Repeat the span of the entries below that starts at the line with "고창군자원봉사종합센터(소장 김종균)는 지난" and ends at the line with "山东金泰(600385.SH", nothing more. Skip the pictures.

* **INFORMATION GIVEN**
Content starts

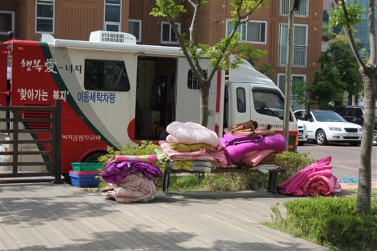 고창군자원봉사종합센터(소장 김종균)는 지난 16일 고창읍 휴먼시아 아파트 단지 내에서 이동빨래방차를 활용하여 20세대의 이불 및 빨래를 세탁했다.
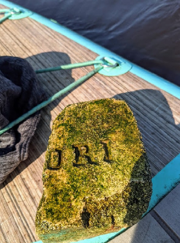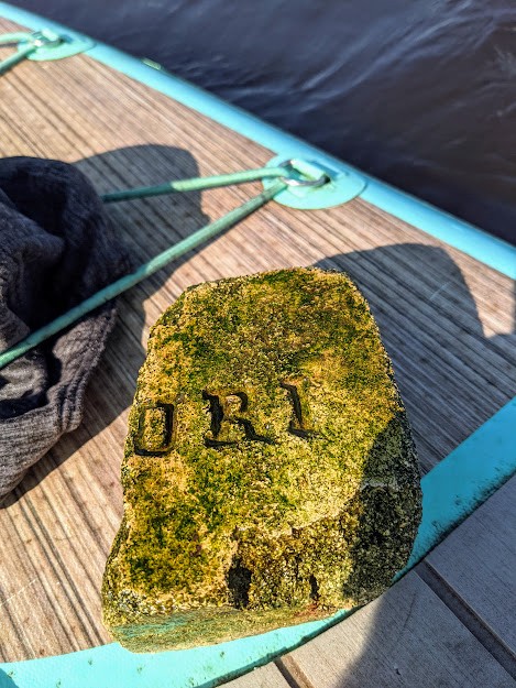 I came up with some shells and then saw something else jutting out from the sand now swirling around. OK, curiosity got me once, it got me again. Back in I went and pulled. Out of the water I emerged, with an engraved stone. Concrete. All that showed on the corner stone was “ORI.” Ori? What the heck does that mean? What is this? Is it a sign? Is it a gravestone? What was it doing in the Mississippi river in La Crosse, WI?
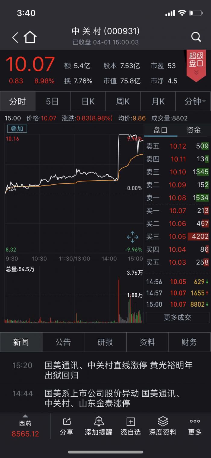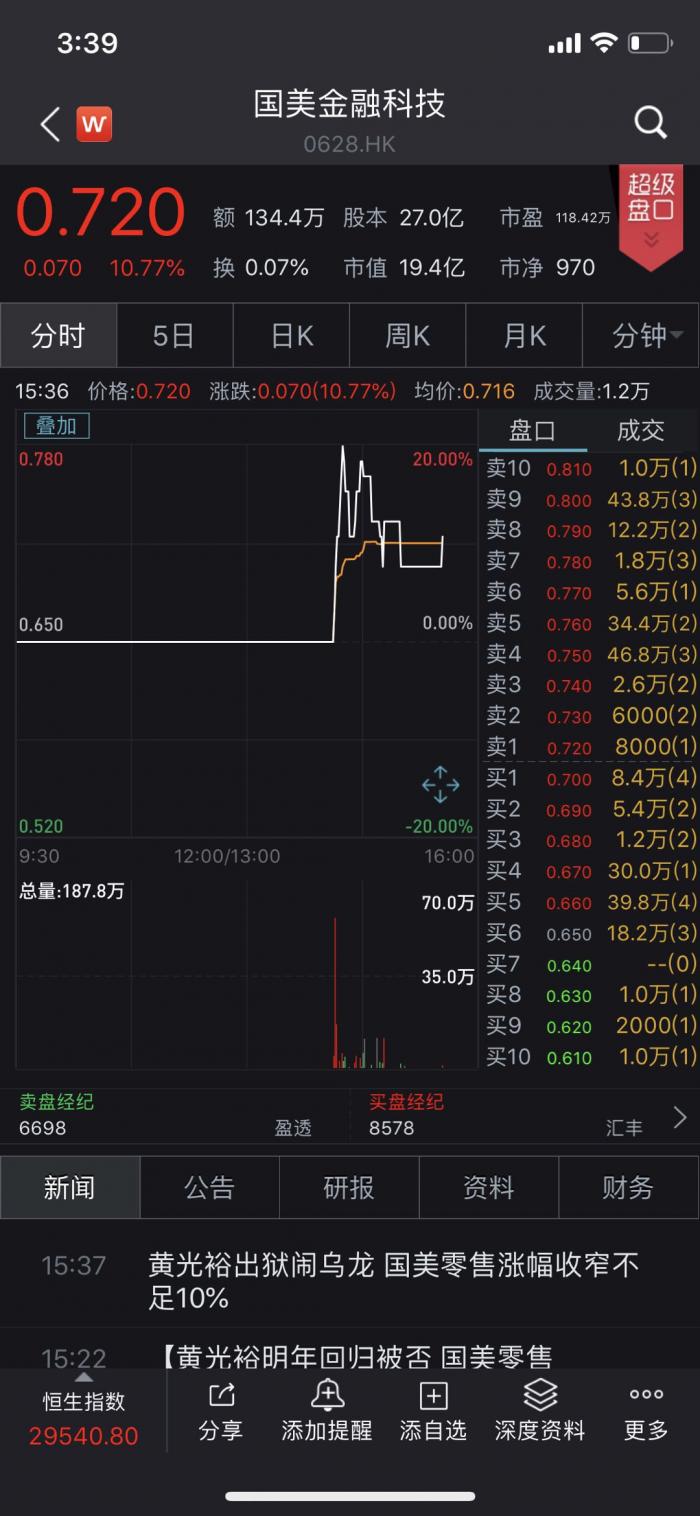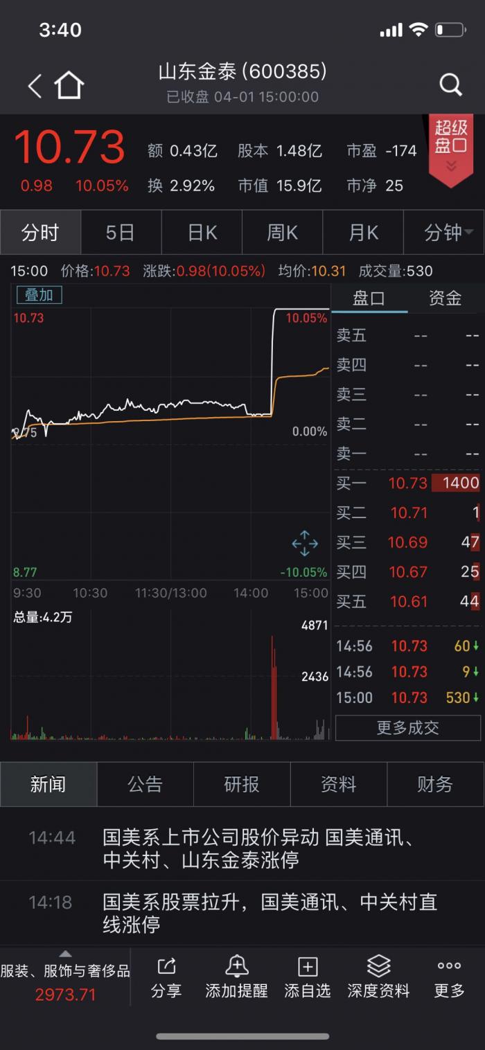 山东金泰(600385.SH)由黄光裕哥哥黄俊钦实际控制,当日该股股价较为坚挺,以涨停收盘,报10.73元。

Content ends
Content starts

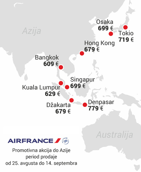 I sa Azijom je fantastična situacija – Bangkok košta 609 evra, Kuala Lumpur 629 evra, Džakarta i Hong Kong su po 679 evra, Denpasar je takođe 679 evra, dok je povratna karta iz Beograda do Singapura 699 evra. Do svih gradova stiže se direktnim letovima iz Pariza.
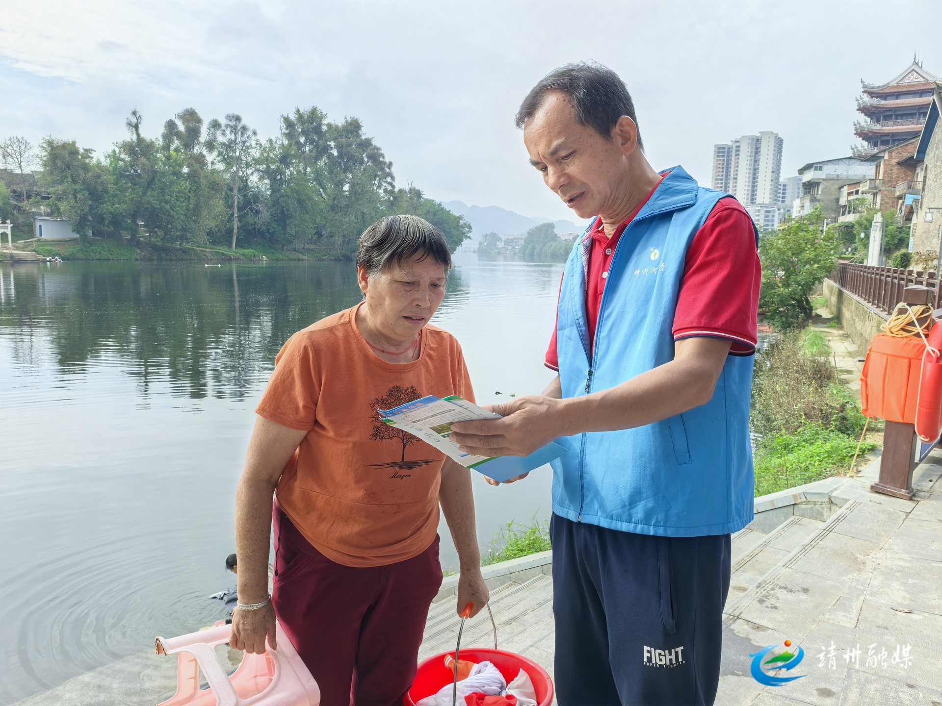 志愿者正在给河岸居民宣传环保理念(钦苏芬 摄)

Content ends
Content starts

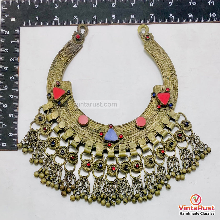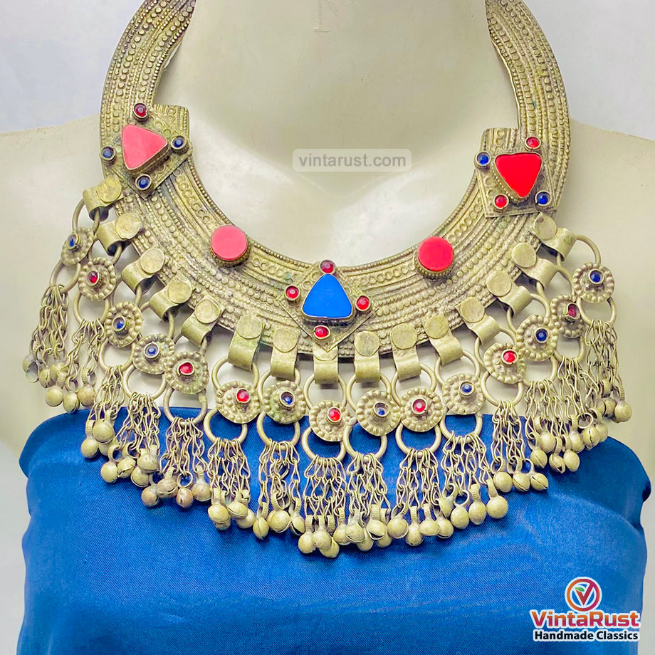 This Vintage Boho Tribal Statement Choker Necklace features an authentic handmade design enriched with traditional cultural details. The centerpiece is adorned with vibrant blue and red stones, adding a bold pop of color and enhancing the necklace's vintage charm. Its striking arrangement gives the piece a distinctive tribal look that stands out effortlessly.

Content ends

* **COMPLETED EXERCISE**
 고창군자원봉사종합센터(소장 김종균)는 지난 16일 고창읍 휴먼시아 아파트 단지 내에서 이동빨래방차를 활용하여 20세대의 이불 및 빨래를 세탁했다.
 I came up with some shells and then saw something else jutting out from the sand now swirling around. OK, curiosity got me once, it got me again. Back in I went and pulled. Out of the water I emerged, with an engraved stone. Concrete. All that showed on the corner stone was “ORI.” Ori? What the heck does that mean? What is this? Is it a sign? Is it a gravestone? What was it doing in the Mississippi river in La Crosse, WI?
 山东金泰(600385.SH)由黄光裕哥哥黄俊钦实际控制,当日该股股价较为坚挺,以涨停收盘,报10.73元。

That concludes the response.